Essentially, he destroyed any illusions about it being a generous budget that might have survived the release of the crown accounts for the nine months to March.

The accounts showed there ain’t much scope for extra spending without borrowing, and John Key and Bill English are reluctant borrowers.

On the other hand, Key (the previous day) was trying to disabuse us of the idea it will be black budget.

“I wouldn’t describe it as black, in fact we are spending a lot of extra money on health and education, but beyond that there is not a lot more to go around,” said Key.

Finance Minister Bill English said he would be scaling back some of the spending promises made by Labour, but there would still be increases.

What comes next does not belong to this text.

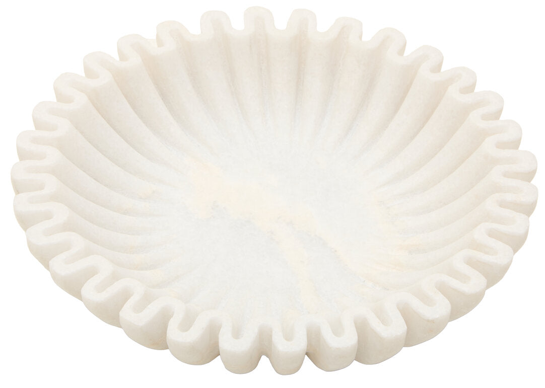 The Oria small bowl boasts handcrafted charm with its intricate yet durable white marble body with organic veining and chic fluted design.

The Herald today reports on Key’s address to the business people yesterday (and picked up a malapropism):

But he said it would not be a “doomsay [sic] Budget”.

He said the line by line review of Government expenditure had been “extremely productive”.

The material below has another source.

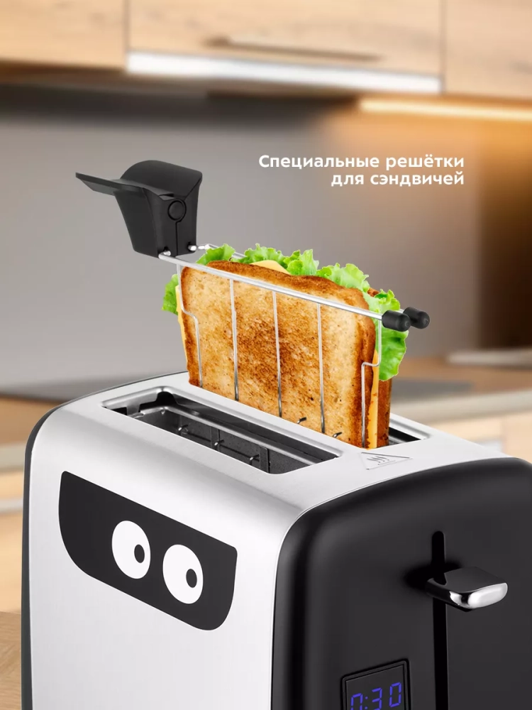 В комплекте идут две решетки для сэндвичей, которые обеспечивают равномерное обжаривание тостов и подогрев начинки.

There was plenty of scope for weeding out lunatic projects spawned under the Clark Gang’s nine years in government,

As an example of cost-cutting, Finance Minister Bill English told Parliament that he had saved $1 million “canning a programme to teach kids how to pat dogs”.

But while the Government will be spending more in the Budget than ever before, Key told Business NZ, the rate of increase in spending would not be kept up.

“That will require ending some Government programmes and reshaping others.”

Like any family with a big mortgage, the Government would have to prioritise its funds and “resist some luxuries”.

Oh, and further tax cuts?

Prospects are bleak (as has been hinted previously).

Mr Key also sent his own unmistakable signal to the business audience that tax cuts promised for 2010 and 2011 would be delayed. The Budget would contain some “responsible” decisions.

“These will include delaying some steps in our economic plan that we would rather have made sooner,” he said.

When asked if that pointed to a delay of the tax cuts, he said: “I would be opposed to the cancellation of tax cuts.”

There was an optimistic edge to all this: Key said the recession could be a “springboard for better times ahead” and talked of New Zealand being capable of leap-frogging countries we compete with economically “so that New Zealanders are much better off on a relative basis.”